Recently, it was reported that the T allele of rs10069690 was associated with an increased risk of breast cancer [12], lung cancer [19], esophageal cancer [23], gastric cancer [25], coronary heart disease [26]. However, rs10069690 was found to be associated with significantly reduced risk of hepatocellular carcinoma, prostate cancer [27]. We didn’t observe any association between the three SNPs (rs2242652, rs2853677and rs2853676) and CHD risk. Previous studies found that the three SNPs were also associated with several cancers risk [17, 23, 25, 28]. To date, there has been little report on the correlation between the polymorphisms of TERT and CHB risk. To our knowledge, this is the first report demonstrating an association between the variant rs10069690 and CHB risk, which need to be confirmed in further studies.

It should be noted that this study has limitations. First, the sample size is not large enough, and the CHB patients and controls included only Chinese population lived in Shaanxi Province. Second, the functional assessment of TERT genetic variants was not performed. Finally, the potential influences of environmental factors on the results could not be completely eliminated. Therefore, future prospective studies are required to confirm these findings, and the interaction of genetic and environmental factors in the development of CHB, and determine the functional role of these SNPs, with a larger sample.

In conclusion, our study identified that rs10069690 and haplotype “TA” in TERT gene are associated with a significantly increased risk of CHB, which may have the potentially to serve as prognostic biomarker for CHB in the Han Chinese population. Further validation of the functionality of the variants and its association with risk of CHB in other ethnic populations is warranted.

MATERIALS AND METHODS

Participants

A total of 542 unrelated Chinese Han individuals consisting of 242 CHB patients and 300 healthy controls were recruited in the case-control study. All the patients were recruited from the Haikou people’s Hospital, and diagnosed as a clinical disease of CHB according to the diagnostic criteria of CHB based on history of hepatitis B virus (HBV) infection, HBsAg/anti-HBs, HBeAg/anti-HBe and anti-HBc serostatus, HBV DNA level, biochemical liver function, ultrasonography and/or computerized tomography (CT)/ magnetic resonance imaging (MRI) [29]. The patients with the family history of liver, renal, endocrine and cardiovascular disorders disease were excluded. The control subjects were randomly selected from physical examination center of the Haikou people’s Hospital during the same period, with negativity for HBsAg, HBcAg, anti-HCV and anti-HIV and with no abnormalities based on physical examination. All the subjects were Chinese Han individuals and their ancestors had lived in the region at least the three generations. A uniform questionnaire was used at enrollment including gender, age, smoking and drinking. The characteristics of the participants are shown in Table 1.

Ethics statement

The collected blood samples and the protocol in this study were strictly conformed to the Declaration of Helsinki and were approved by the institutional ethical committee of the Haikou people’s Hospital. Written consents were obtained from all participants before participation in the study.

Genotyping

Five milliliters of peripheral venous blood was obtained from each subject and collected in an EDTA tube, and then the blood samples were stored in a refrigerator at −20°C for DNA extraction. Genomic DNA was extracted from whole blood using the GoldMag-Mini Whole Blood Genomic DNA Purification Kit (GoldMag. Co. Ltd., Xi’an, China) based on the manufacturers’ instructions. DNA concentration and purity were evaluated using a spectrophotometer (NanoDrop 2000; Thermo Fisher Scientific, Waltham, MA, USA) at wavelengths of A260 and A280nm.
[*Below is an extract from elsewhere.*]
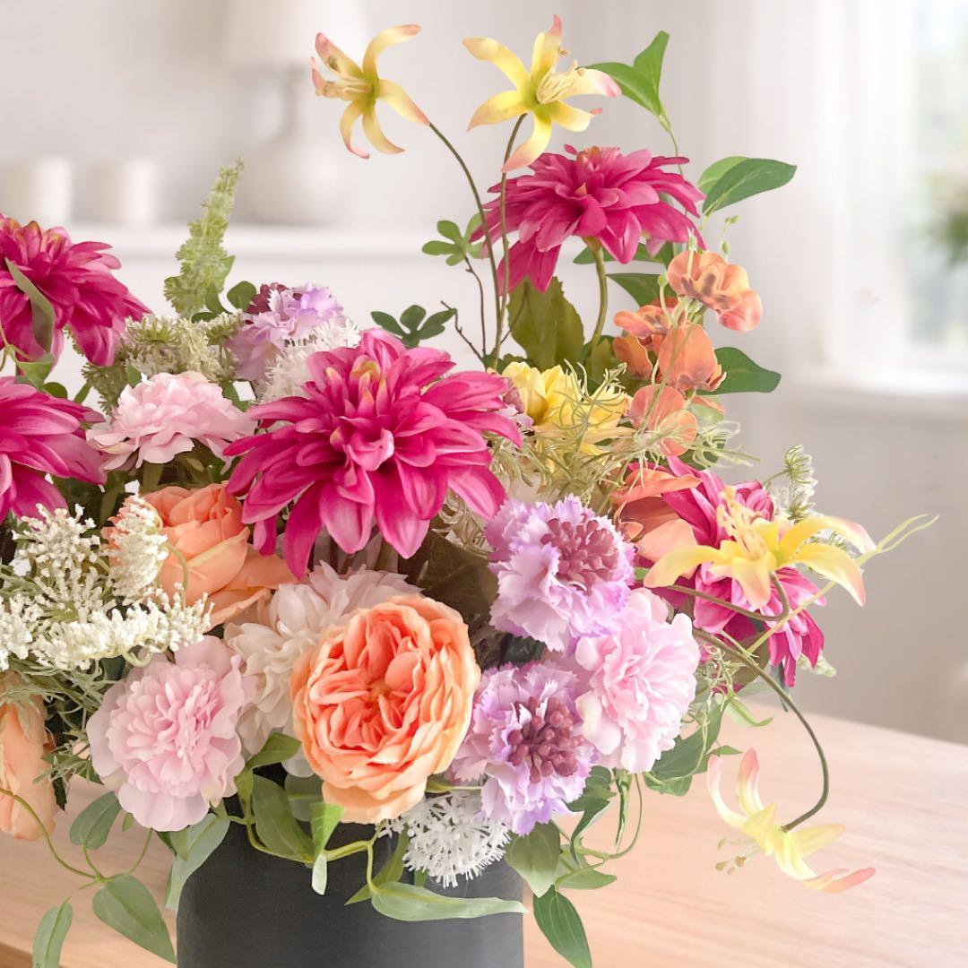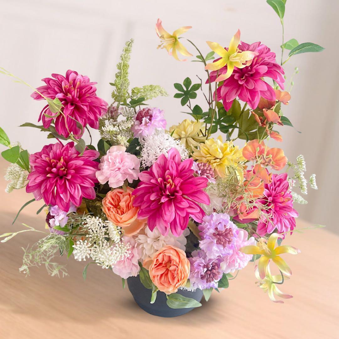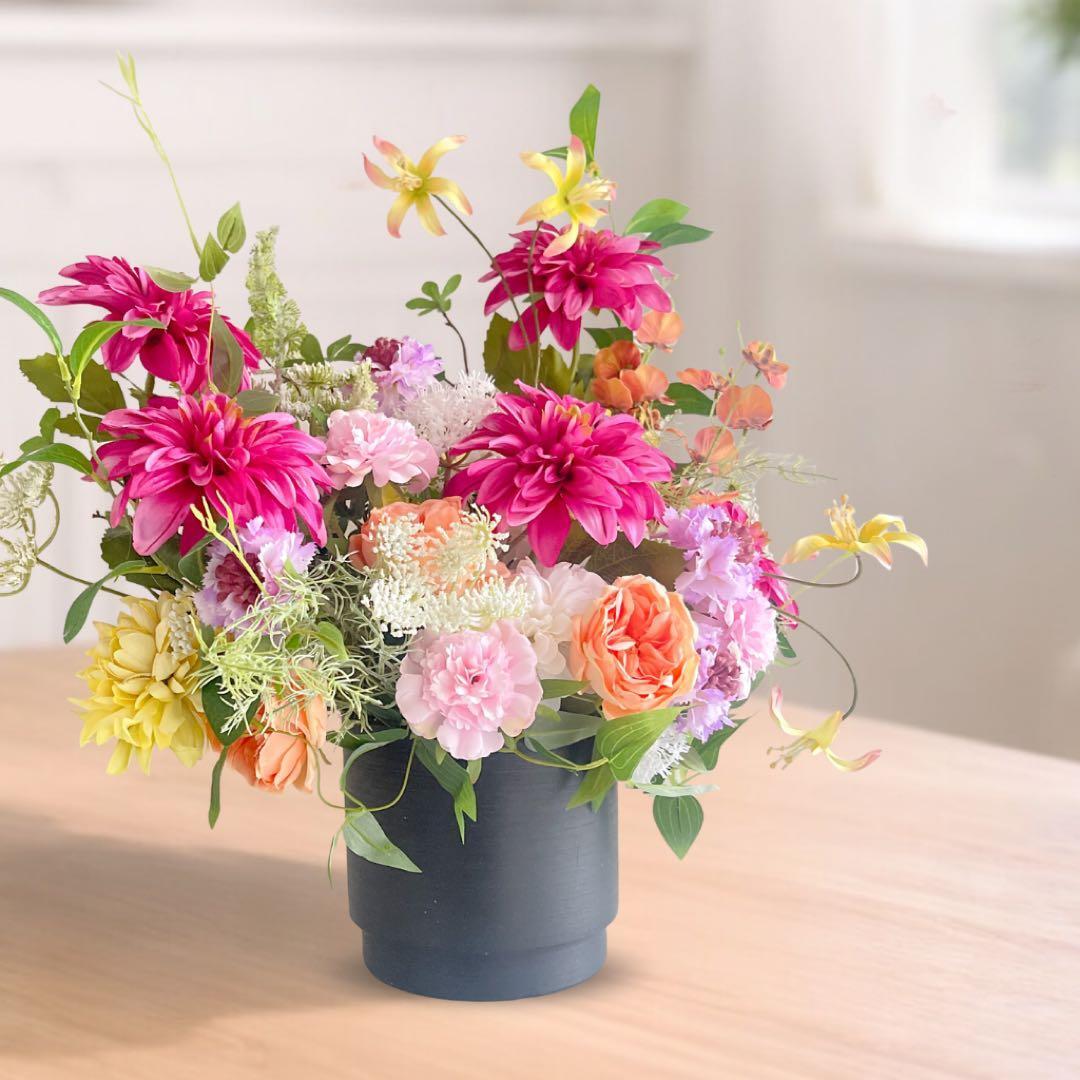 母の日 「プレステージ・サン」鮮烈なダリアとオールドローズの豪華モダンアレンジ アーティフィシャルフラワー

We selected four SNPs (rs10069690, rs2242652, rs2853677 and rs2853676) from previously reported TERT gene polymorphisms [17, 19, 23, 25, 28], and matched SNPs with MAF > 5% in the HapMap of the Chinese Han Beijing population selected for association analysis. The sequences of amplification and extension primers corresponding to each SNP were designed by the Sequenom MassARRAY Assay Design 3.0 Software (Sequenom, San Diego, CA, USA), as showed in Table 5. Genotyping of the SNPs were performed using the Sequenom MassARRAY platform (Sequenom, San Diego, CA, USA) according to the standard protocol recommended by the manufacturer. We used the Sequenom Typer 4.0 software to perform data management and analyses.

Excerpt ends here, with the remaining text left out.